Директор театра Герман Викторович хоть и был вне себя от злости, но все равно, не знал, как начать этот разговор.
Уборщица Мария Ивановна, которая проработала в театре уже сорок лет, сидела напротив его стола, и терпеливо ждала, что скажет директор. Мало того, что директор очень уважал эту преданную театру женщину, так они ещё и жили с ней в одном доме и в одном подъезде.
- Мариванна, скажи мне, пожалуйста, тебе не тяжело работать в нашем коллективе? - издалека начал директор.
- Чего? - тут же переспросила пожилая женщина, чувствуя, что этот вопрос ей задан неспроста.
- Я, спрашиваю, ты не сильно устаешь на работе?
- А что?
- Как что? - Директор изо всех сил старался быть вежливым. - Тебе ведь уже, как бы, за семьдесят...
- И что? – Женщина изо всех сил пыталась понять, куда клонит директор. – Вы говорите, конкретнее, Герман Викторович, что вы от меня хотите?
- Я хочу сказать, Мариванна, что мне кажется, ты стала слабой на зрение.

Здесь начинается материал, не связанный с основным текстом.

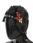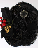 Dolce & Gabbana Black Crystal Gold Cherries Brooch Hat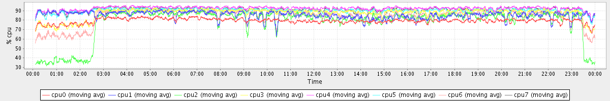 avg(cpu0) = 79.27 avg(cpu1) = 85.43 avg(cpu2) = 77.84 avg(cpu3) = 87.13 avg(cpu4) = 92.44 avg(cpu5) = 90.08 avg(cpu6) = 83.56 avg(cpu7) = 90.89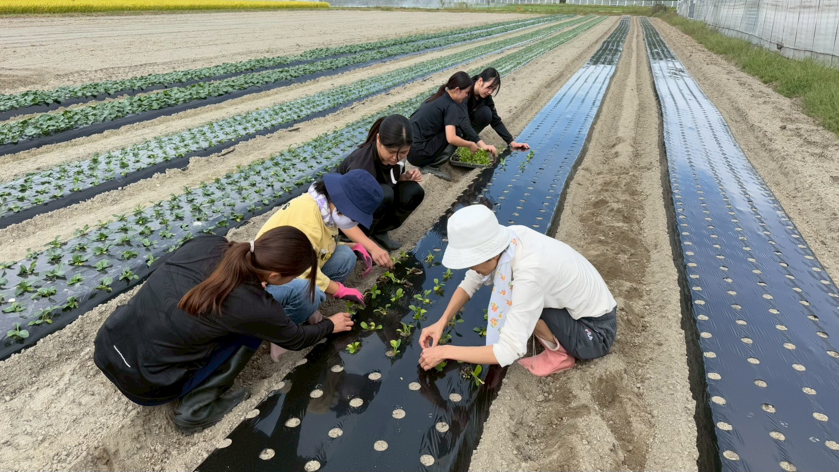 3. 【社会福祉学部】山本ゼミ・水野ゼミの学生が、赤穂市立さくら園の皆様と農福連携の取り組みで小松菜の定植作業を行いました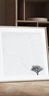 Footprint od MOSTAFA NODEH je evokující, monochromatický plakát: stopy v čerstvě napadlém sněhu vedou k osamělému stromu na otevřené zamrzlé pláni. Jemné kontrasty a široká rozloha oblohy vytváří klid, melancholii a hloubku – minimalistický zimní motiv, který vybízí k zamyšlení a tichému dramatu. Horizont mizí v bělosti a čas jako by se zastavil.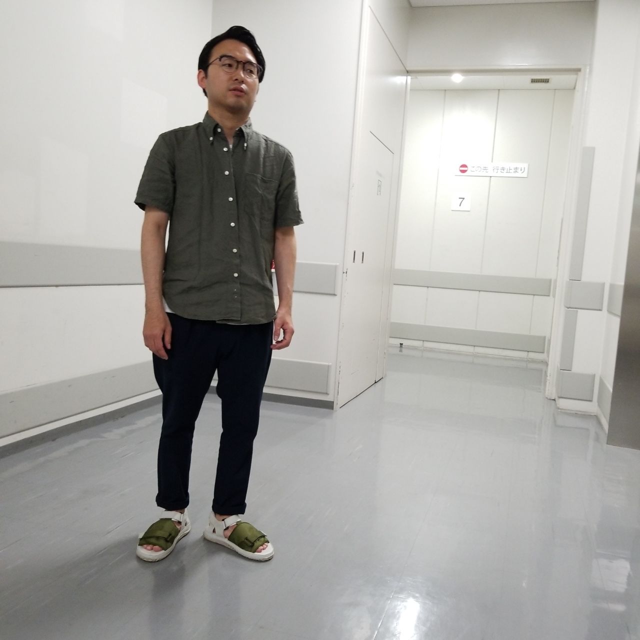 サンダルのカーキに合わせてトップスをカーキの半袖シャツをチョイス。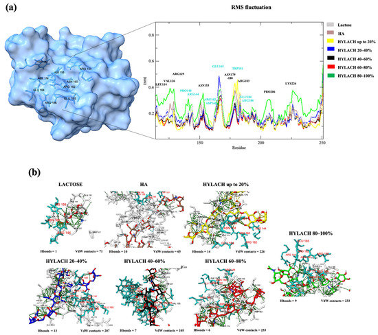 HYLACHs insert into the active site of Gal-3. The binding site of Gal-3 includes nine amino acids: TRP181, HIS158, ARG144, ASN160, ARG162, GLU165, ARG186, GLU184, and ASN174 [33]. The root mean square shows fluctuations at several amino acid levels, indicating an interaction between Gal-3 amino acids and the ligands. These fluctuations involve the residues associated with the CRD (Figure 3a), indicating that HA, HYLACH compounds, and lactose insert at the active binding site. Furthermore, it should be noted that mainly the molecule HYLACH up to 20% of lactosylation binds TRP 181 with an intense peak of fluctuation. The systems formed by Gal-3 and the following ligands produce the greater number of Van der Waals contacts: HYLACH up to 20% of lactosylation with 226 contacts, HYLACH 20–40% with 207 contacts, HYLACH between 60% and 100% with an average of 233 interactions. Regarding hydrogen interactions, both intra- and intermolecular interactions were considered. The better outcomes were as follows: HYLACH up to 20% and HYLACH 20–40% lactosylation with, respectively, an average of 14 and 13 hydrogen interactions. Lactose and HYLACH molecules fit perfectly into the carbohydrate-binding site, as shown in Figure 3b, while HA is orientated differently in the active site.

И уже не так тщательно выполняешь свои обязанности, - выдавил-таки из себя директор то, что хотел сказать. - И, значит, пора нам с тобой, по этой причине, проститься.
- Да вы что говорите-то, Герман Викторович! - ахнула женщина. - Да где это я не тщательно выполнила свои обязанности? Кто вам про меня такое наплел? Да я же всегда драю полы аж до блеска!
- До блеска?! - уже сердито переспросил директор.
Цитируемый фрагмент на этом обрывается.